Atal Bihari Vajpayee Vishwavidyalaya
- Motto: योगः कर्मशु कौशलं
- Motto in English: Excellence in Action is Knowledge
- Type: Public
- Established: 2012
- Affiliations: UGC, AIU
- Chancellor: Governor of Chhattisgarh
- Vice-Chancellor: A. D. N. Bajpai
- Location: Bilaspur, Chhattisgarh, India 22°04′35″N 82°09′53″E﻿ / ﻿22.0765°N 82.1646°E
- Campus: Rural;
- Website: www.bilaspuruniversity.ac.in

= Atal Bihari Vajpayee Vishwavidyalaya =

University in Chhattisgarh

Atal Bihari Vajpayee Vishwavidyalaya, renamed from Bilaspur University, is a public state university located in Bilaspur, Chhattisgarh, India. It is established by the Gazette notification on 03.02.2012 of Chhattisgarh Act No 07, 2012, the Chhattisgarh Vishwavidyalaya (Amendment) Act, 2011 and came in to its existence in June, 2012. The University is situated on in front of Koni Police Thana ,Bilaspur- Ratanpur Road, Koni ,Bilaspur (C.G) 495009.

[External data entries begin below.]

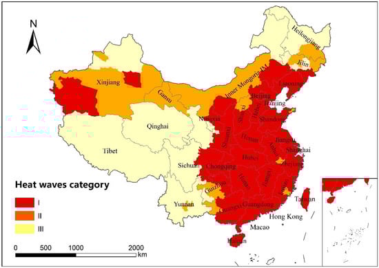 In the selected typical heat wave period, cities were classified according to temperature data into the following three categories: Class I cities were in the heat wave period, with five days exceeding 25 °C and at least three days exceeding 30 °C. The temperature of Class II cities was relatively high, but did not meet the standard of a heat wave period. All five days exceeded 25 °C, but fewer than three days exceeded 30 °C. The temperature of Class III cities was relatively low and did not exceed 25 °C for all five days. According to the classification results, 240 cities fully met the criteria of being in a heat wave period, mainly distributed in East China and the Xinjiang Uygur Autonomous Region in Northwest China. There were 31 cities with high temperatures that did not meet the criteria for heat waves, and the distribution was scattered, both in the south and north. There were 73 cities with low temperatures, mainly in the northern and southwestern regions (Figure 6).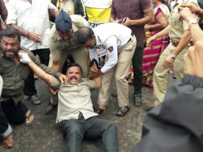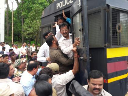या सर्व आंदोलनकर्त्यांना ताब्यात घेण्यासाठी पोलिस सरसावले मात्र यावेळी सर्व आंदोलनकर्त्यांनी महामार्गावरच ठिय्या आंदोलन सुरू केल्यामुंळे पोलिसांनी या आंदोलन कर्त्यांना उचलत पोलिस व्हॅन मध्ये कोंबले. गाडीत सुमारे १५ मिनिटे महामार्ग रोखुन धरल्याने वाहनांच्या दुतर्फा लांबच लांब रांगा लागल्या होत्या.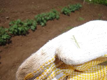ここでは、じゃがいもの育成の邪魔となる雑草取りをし、クワで根元に土を盛り寄せる作業に集中。爽やかだと思った気候も、何も遮るものの無いお天道様の下で、あっという間に汗が出てきます。作業中、見知らぬ虫と対面しては「キャー」という声も聞こえてきたり・・・。中には姿はテントウムシにそっくりながら実は害虫という虫も。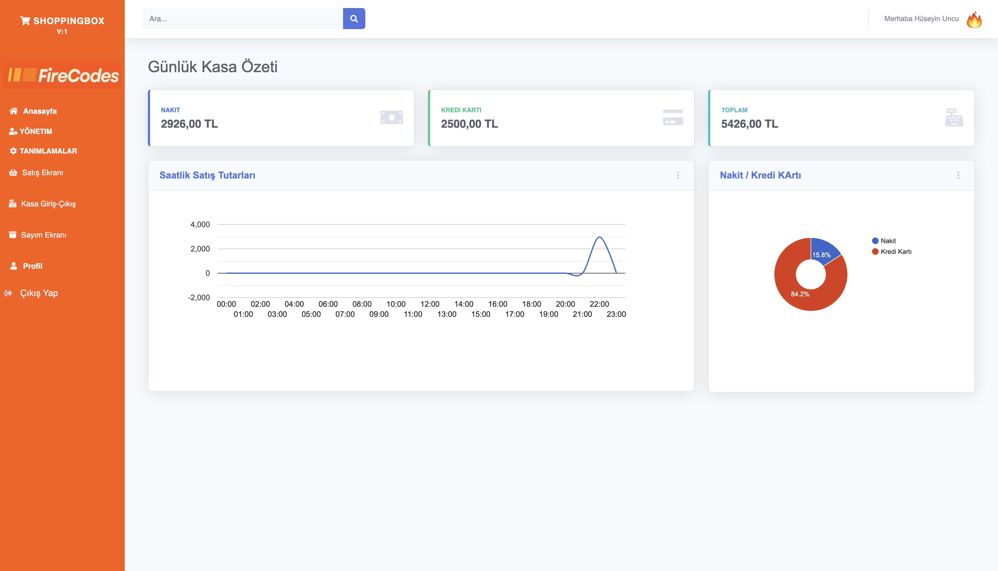 Oturum açtığınızda sizi karşılayan bu ekran sayesinde anlık kasa durumunu ödeme yöntemleri kategorisinde görebilir ve saat bazında günlük satış yoğunluğu grafiği ile işletmenizin gün içindeki satış performansını izleyebilirsiniz.

Founded in 2012, it is a teaching-cum-affiliating university which affiliates colleges and has 6 departments. After the act, it was initially located at Old High Court in Bilaspur, Chhattisgarh and presently the campus is in Koni, Bilaspur, Chhattisgarh. University has more than 110 affiliated colleges which includes UG, PG and Ph.D. programs.

In a report by Dainik Bhaskar, the newspaper states that positions for professors in the University were not filled due to State Government disapproval.

==Academics==
Atal Bihari Vajpayee University offers Bachelor and Masters as well as various Diplomas and certificate programs in many disciplines.
- Bachelor of Commerce (Hons.)
- Masters of Commerce
- Bachelor of Science in Food Processing & Technology
- Master of Science in Food Processing & Technology
- Bachelor of Science in Computer Science & Application(Hons.)
- Master of Science in Computer Science & Application(Hons.)
- Bachelor in Hotel Management (BHM)
- Master of Science in Microbiology & Bio-Informatics
- PG Diploma in Yoga sciences.

==Affiliated colleges==
Its jurisdiction extends over 4 districts: Bilaspur, Gaurela-Pendra-Marwahi, Korba, and Mungeli.